In an age when two sides manage to score 870+ runs between them in one day and when a player like Scott Styris has a better batting average than Bert Sutcliffe you have to start to wonder if perhaps batting at the top level has become too easy. Better bats and shorter boundaries mean that the game is slowly being dominated by a certain kind of mediocre slogger (like Scott Styris) and bowling has been reduced to making sure your little medium pacers are dobbed in the right place (like Scott Styris does).

Is this a good thing? Are booming sixes and crashing fours what the crowds want to see? Or should some balance be bought back into the game? Cricinfo has begun asking these same questions and have asked cricket experts such as Gideon Haigh, Bob Woolmer and Amit Varma to respond. So far the result has been a series of excellent essays looking at the situation and looking at what can be done to make sure that cricket remains cricket.

2 comments:

Ben said...

Are you bringing this up because you want to open a discussion, or are you just pointing out the articles to us? I feel I need to make a response regardless.
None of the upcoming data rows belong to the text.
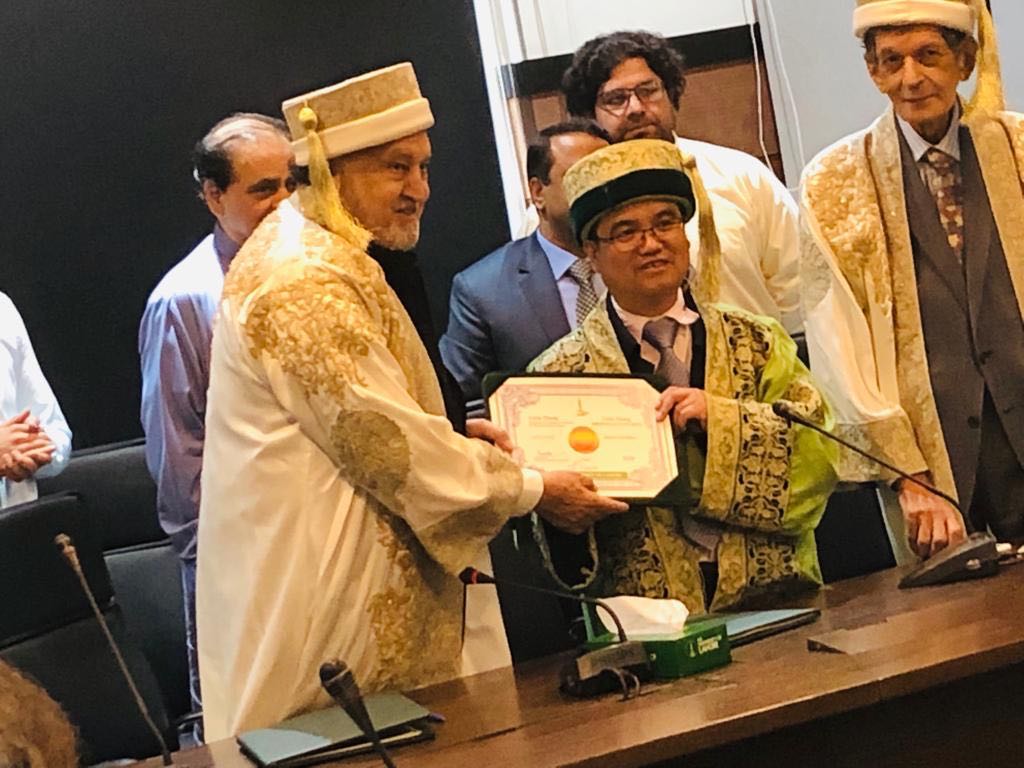 拉合尔大学理事会Muhammad Abdul Raoof主席向张立新(Lixin Zhang)博士颁发荣誉教授聘书
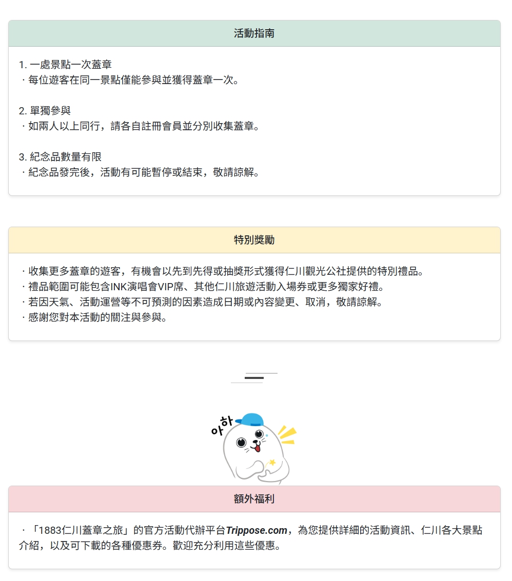 * 在网站的Google地图上可以找到每个印章之旅地点,点击“查看更多”则可跳转至Trippose.com获取详细信息。也可以在网站主页点击“1883仁川全球集章之旅”参与点位按钮,查看所有可参与的景点。
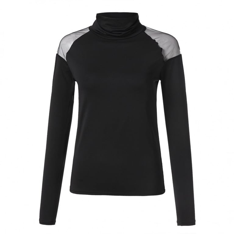 Top pour femme avec décolleté et col roulé. Le top a des manches longues en tissu transparent. Coupe ajustée.
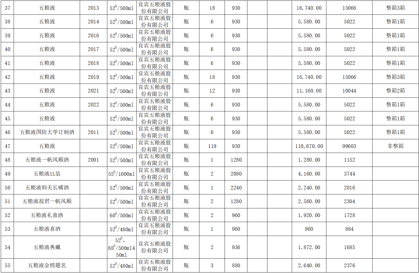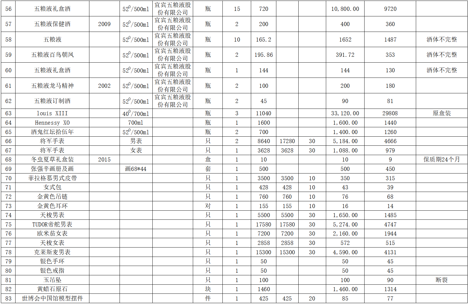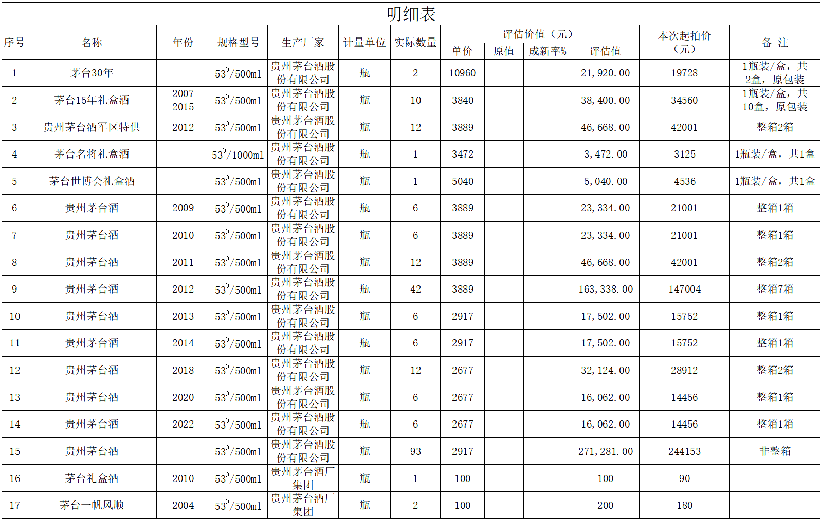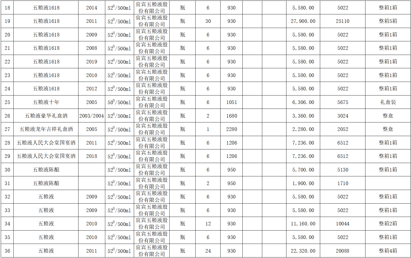 一、拍賣標(biāo)的:貴州茅臺酒計224瓶、五糧液酒計406瓶及其他酒水、物品一批,整體打包拍賣,參考價:106.047萬元。競買保證金:10萬元。詳見下方明細表:

Complaining about modern batsmen being better than older batsmen smacks to me of the complaints of certain English rugby commentators that there are no longer games decided solely on penalties. That modern games are more exciting shouldn't be taken to mean that they not as good.

I think it is drawing quite a long bow to claim that the game is dominated by mediocre sloggers and medium pacers.
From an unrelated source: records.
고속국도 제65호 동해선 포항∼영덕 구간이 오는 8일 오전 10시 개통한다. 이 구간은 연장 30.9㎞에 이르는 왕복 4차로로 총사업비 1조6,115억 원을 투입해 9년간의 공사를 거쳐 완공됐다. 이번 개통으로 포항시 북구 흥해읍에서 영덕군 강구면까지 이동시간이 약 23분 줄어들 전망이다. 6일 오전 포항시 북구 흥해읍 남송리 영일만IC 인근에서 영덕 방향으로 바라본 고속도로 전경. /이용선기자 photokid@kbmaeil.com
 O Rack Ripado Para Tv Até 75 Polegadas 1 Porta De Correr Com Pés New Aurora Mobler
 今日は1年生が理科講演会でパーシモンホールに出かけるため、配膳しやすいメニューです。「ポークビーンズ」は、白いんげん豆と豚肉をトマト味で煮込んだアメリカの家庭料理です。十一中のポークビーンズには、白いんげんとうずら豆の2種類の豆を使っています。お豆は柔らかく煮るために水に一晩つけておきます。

In one-day cricket the batting is dominated by class sloggers such as Vincent, Gilchrist and Cairns, and the bowling is dominated by pace and guile, as it always has been. The dobbers rarely bowl more than 10 overs an innings between them. Mediocrity is not rewarded.

In test cricket, it is pace that dominates the bowling, more so than ever perhaps, with the ability to get the ball to move and deceive the batsman also still being useful. If anything, the dobbers have been hit out of the attack. Now, while it may be true that batsmen are thriving on powerful hitting, success still depends on the old skills of timing and placement. Even twenty20 has shown this. And rotating the strike and picking up ones and twos still make up important parts of a batsman's innings; while more runs may be scored in boundaries, the majority of scoring shots are not boundaries.

As you clearly agree, Scott Styris is a great exponent of this modern brand of cricket. He hits the ball hard and gets plenty of boundaries. However, his success is due to the traditional skills - technique at the crease and good shot execution. His reward for this approach is not just a good average, but also an outstanding conversion rate.

In short then, unlike tennis, cricket has not been unduly affected by the increase in powerful play, it has just taken on a different complexion. But that's because cricket has more dimensions than tennis. Even with the ball being belted, there is still so much room for skill and finesse.

(And by the way Mike, Sutcliffe's average is fractionally higher than Styris', so everything is okay in the world. But that conversion rate...)

Karl said...

World class bowlers still win matches. On the day you published this, the results on the front page of Cricinfo highlight that Harbhajan Singh and Shane Warne have won matches for their country (after Brett Lee had taken 5 in the first innings).

Batsmen are undoubtedly better today because they are fulltime professionals, paid a lot of money. If they aren't better than they used to be, then surely we would have cause to complain. Which highlights what a genius Don Bradman was all those years ago.